I don't. They tied all three things together with the simple newspaper prop. The Guardians in the original story were several giant men that moved as if standing still. The portal was a device, not The Guardians. That was changed in the last rewrite because the set department goofed up the planet city set directions. The Klingon time temple used references from Ellison's WGA first draft script. I don't think the series is brilliant or most of the acting very good, but I think the writers are paying attention to a lot of things the pop kid fans have missed, and they are changing things based on current SF style.
@@STho205 I didn't say he was wrong. He's probably right. I'm just saying that the writers didn't put anywhere near the consideration into their horrible, horrible scripts that he put into this video.
@@The_Persiflager I haven't seen this one, except his clips, but that TNG episode referenced was hokey, badly acted and dull. Not as bad as the planet of Nigerian stereotypes that wanted to buy or steal a blonde actress, but pretty bad. Ellison's script was brilliant, but it was lessened by the "Tomorrow is Yesterday" episode coming first, which was a simplistic comedy storyline. The brilliance of Ellison's story was, unlike the Butterfly Effect he borrowed from *there never was a paradox* . The opposite of butterfly effect stories, which the viewers in 67 may have read or seen in other series. Kirk had always visited 1932 and ALWAYS caused Edith's death. The Guardian had to send him back right then and there, because the Guardian knows time's shape. That was reinforced by the epilogue in Assignment Earth. I would like to see City done as originally written. I hoped Tarantino would remake that, as he is edgy enough to do Pulp Trek which is what City was before the rewrite. However I'm glad they did the rewrite in 66/67. I don't think I could have taken the original story as a kid.

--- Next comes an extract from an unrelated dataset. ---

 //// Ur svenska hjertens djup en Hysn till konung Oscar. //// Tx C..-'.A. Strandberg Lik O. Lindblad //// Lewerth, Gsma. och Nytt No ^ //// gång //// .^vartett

Someone needs to let the staff over at Discovery know that making references to shows that did it better doesn’t mean you’re writing something intelligent or interesting.

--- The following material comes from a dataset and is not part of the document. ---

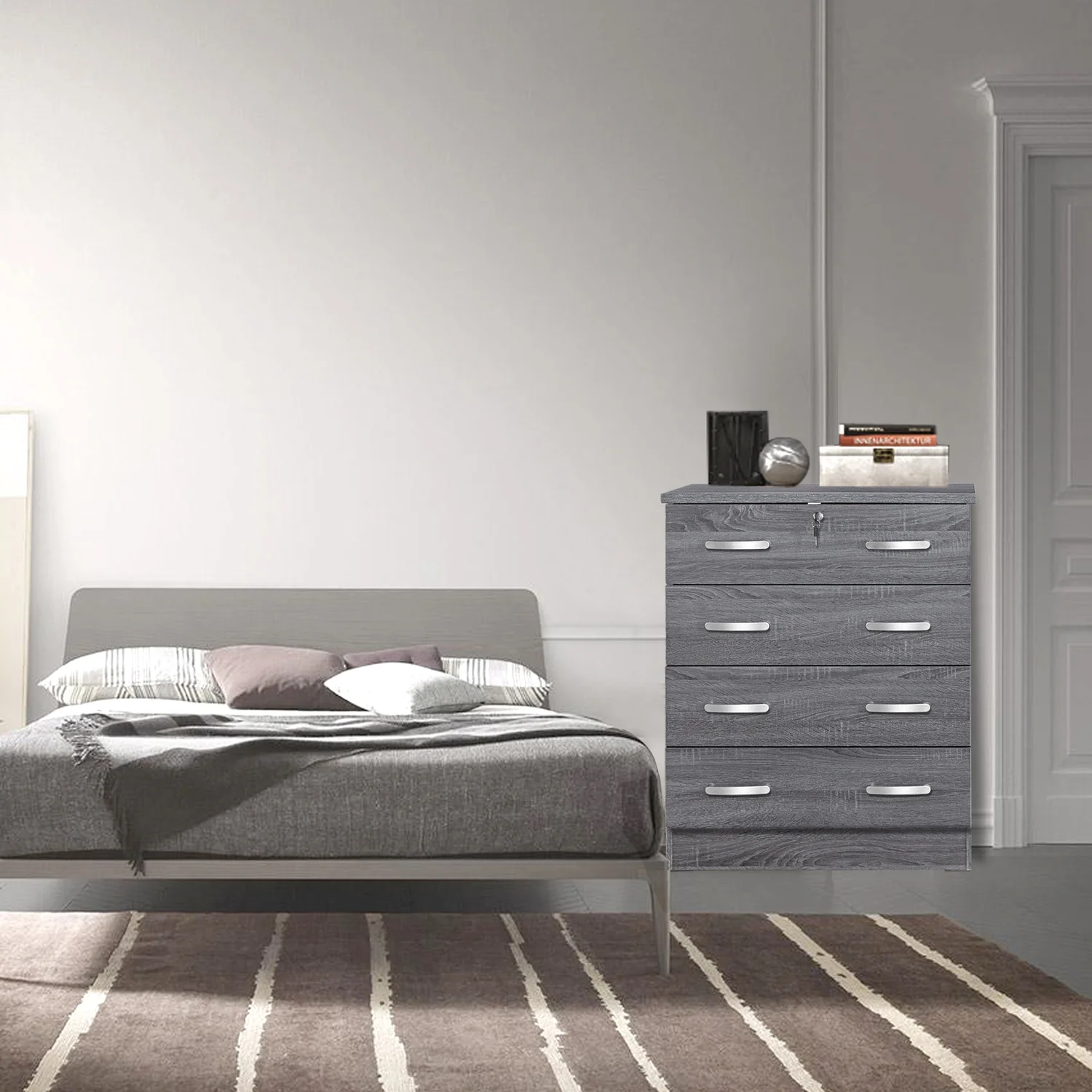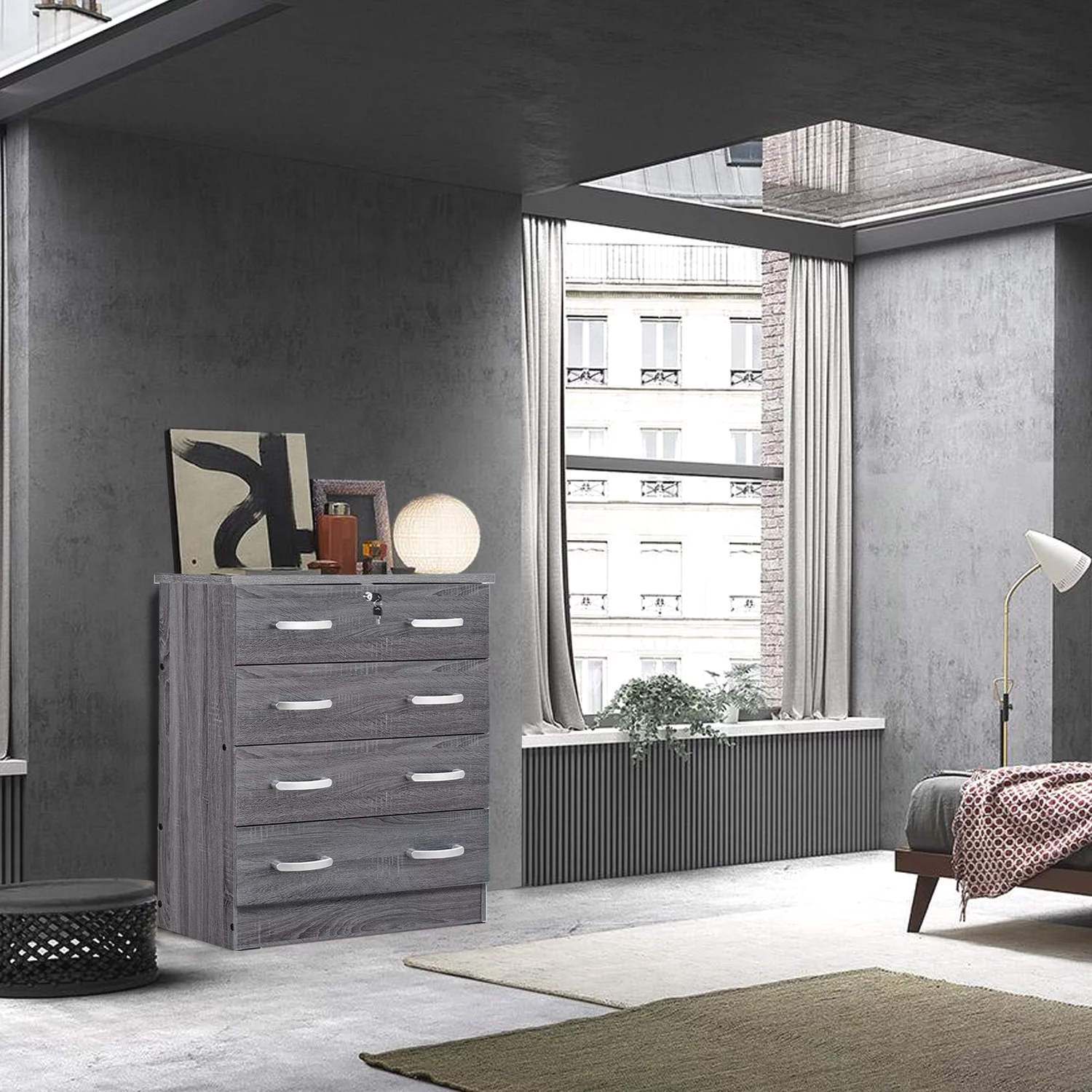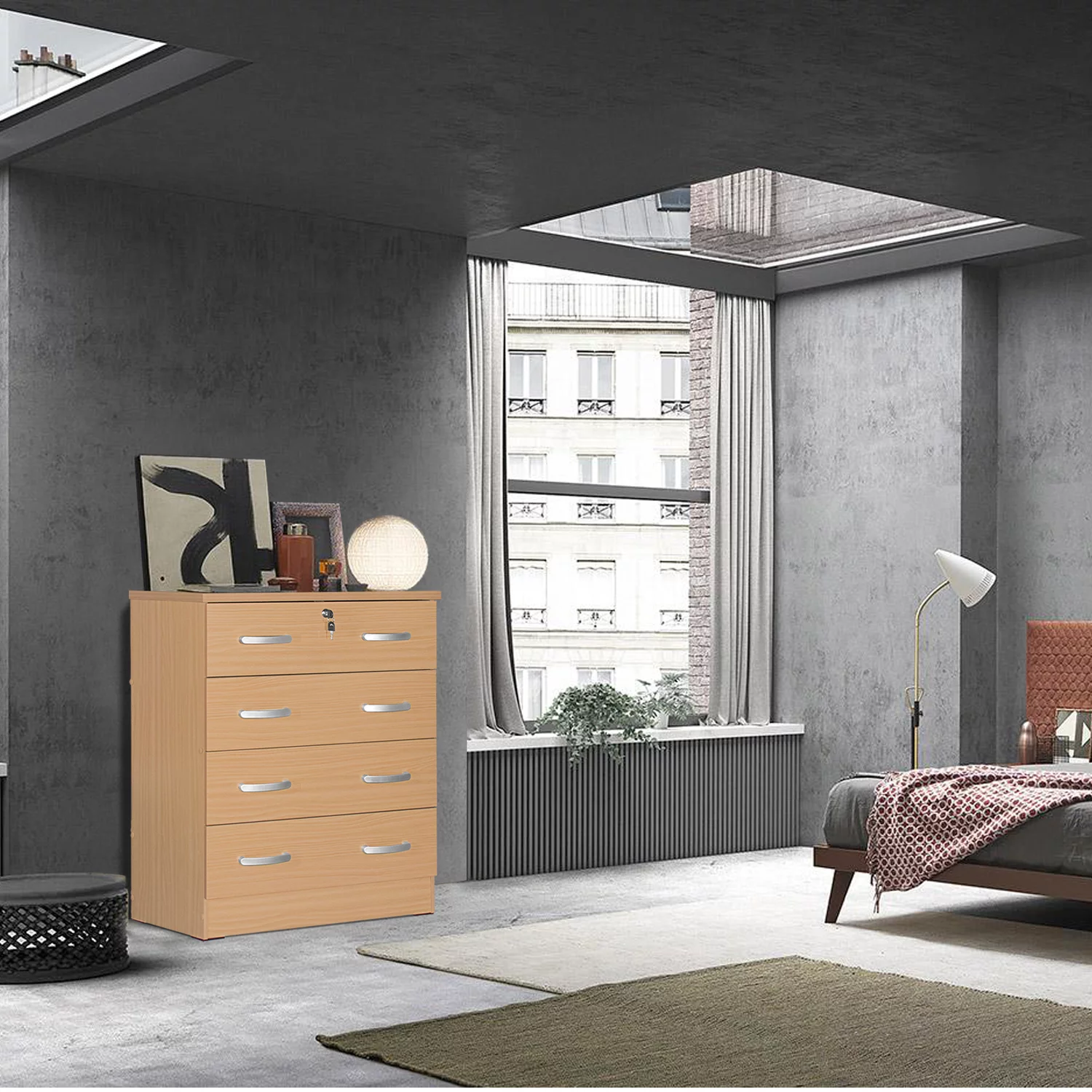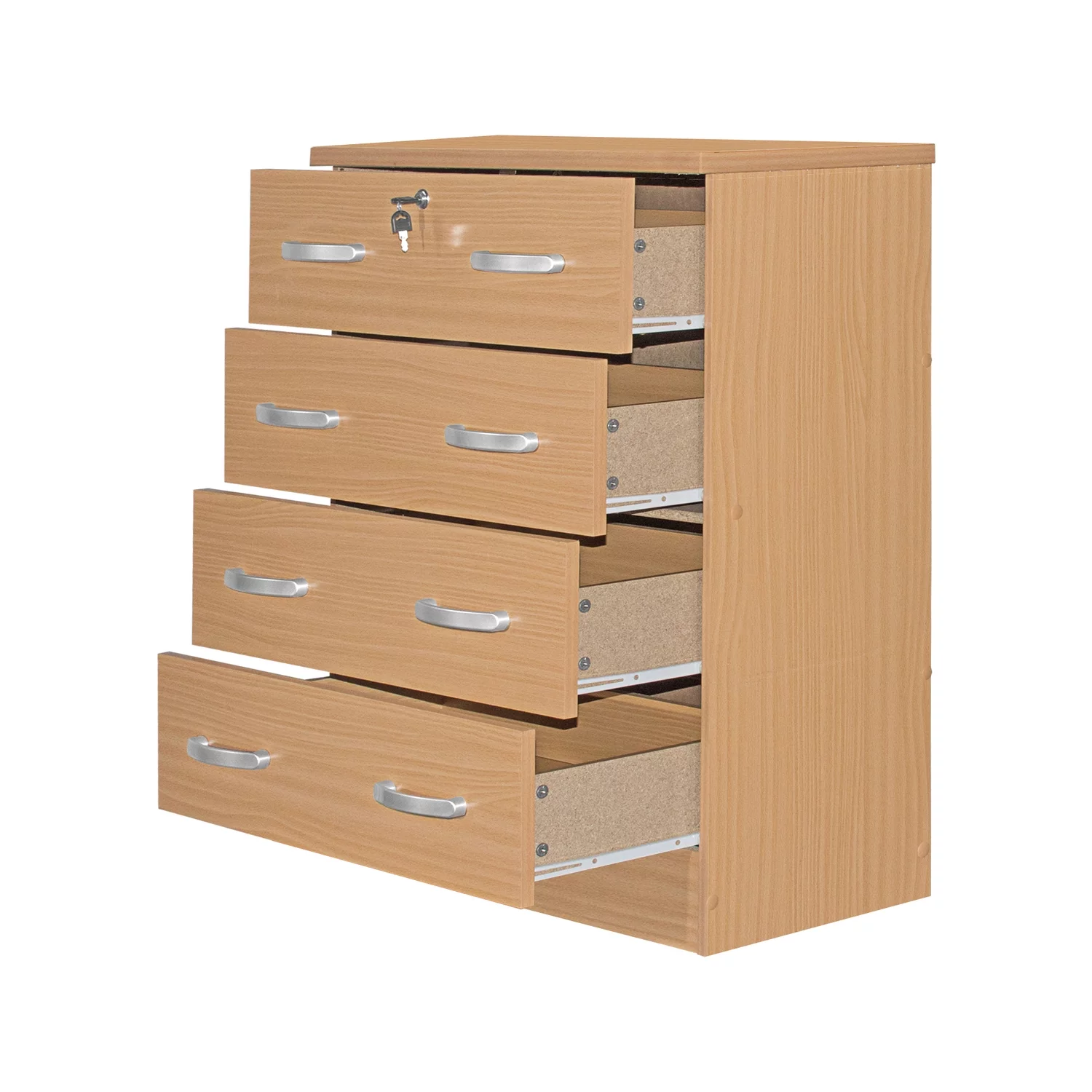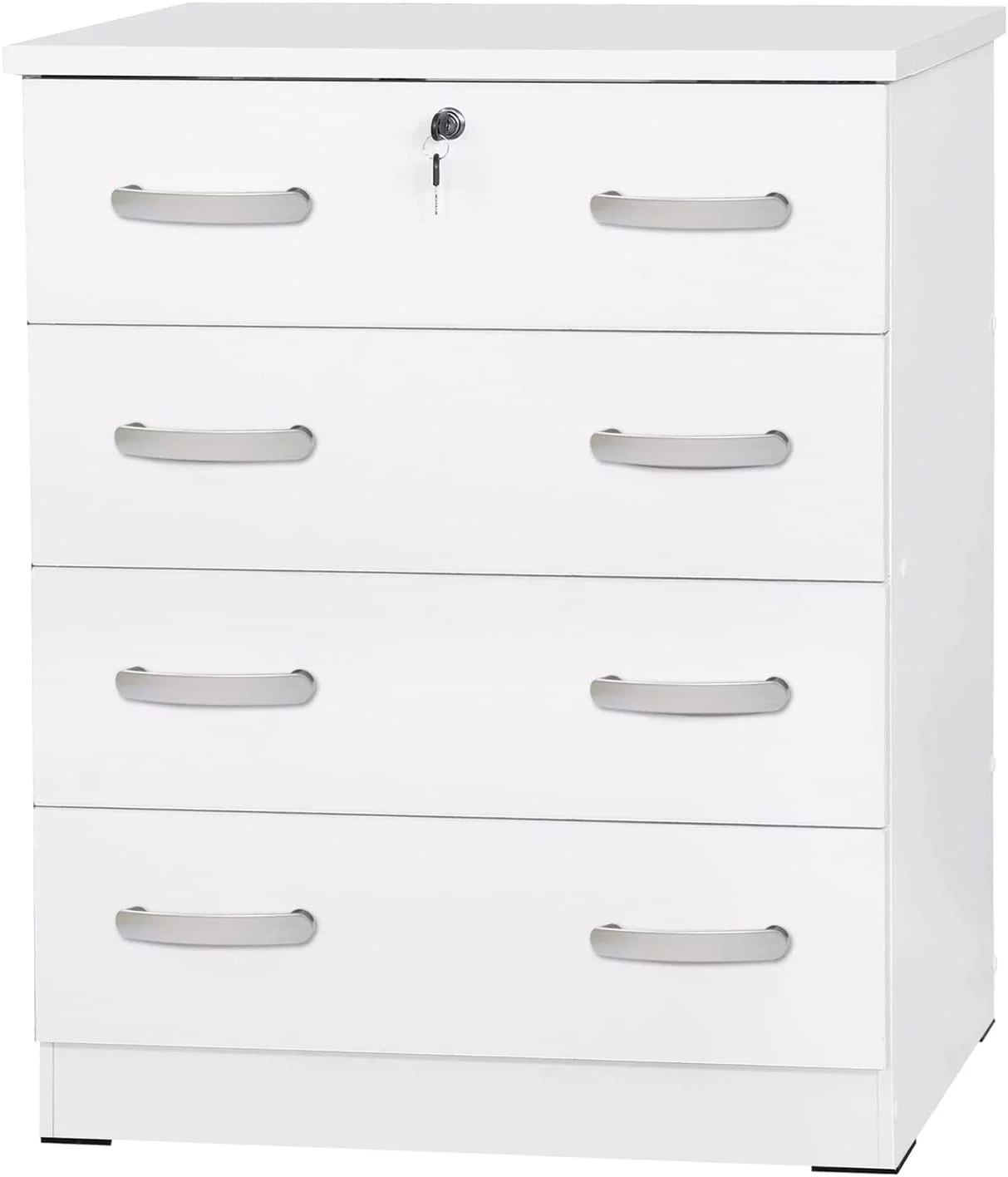 Better Home Products 4 Drawer Chest Dresser Wooden Storage Unit with Lock

Watching S3E10 of ST Discovery. "I AM THE GUARDIAN OF FOREVER" .... Fans will know it is from Season 1, episode 28 Star Trek original. I recognized it as soon as I heard it and decided to do a youtube to see if anyone else did the same thing. I have seen that episode maybe two other times since I saw the original in April 1967. Can't believe it was so recognizable to me after first hearing it almost 54 years ago. Made me watch again "City on the Edge of Forever"...Lots of good stuff in that episode!!
I thought he was a Q, but I really don’t care... fuckers had a marginally interesting premise a few episodes ago, but they decide to throw us back into the kitschy CBS mirror universe
@@SonofTiamat at least I'm not an over aggressive nu trek hater. I'm not really that big of a fan of discovery and I didn't like Picard. But like I don't want to associate myself with the people who call nu treks creators idiots every chance they get. I don't want to take shows so seriously that I get personally offended by them.
@@SonofTiamat honestly dude, I'm not a fan trek I don't call myself a fan of anything. But I do enjoy conversations about star trek. And I really love the kirk era movies. And I just want to go to a comment section one day and not see comments that are unoriginal at their best and hateful at their worst. I could go on about the many flaws of discovery or Picard (lower decks is pretty good) but in the current environment of the trek "Fandom" it'd only be met with cringey hate of the actors, directors and writers. If someone is as angry as some of these people are they're not making a good case for discovery criticism, they're only making themselves look mean spirited and unfriendly. BTW I dig the name.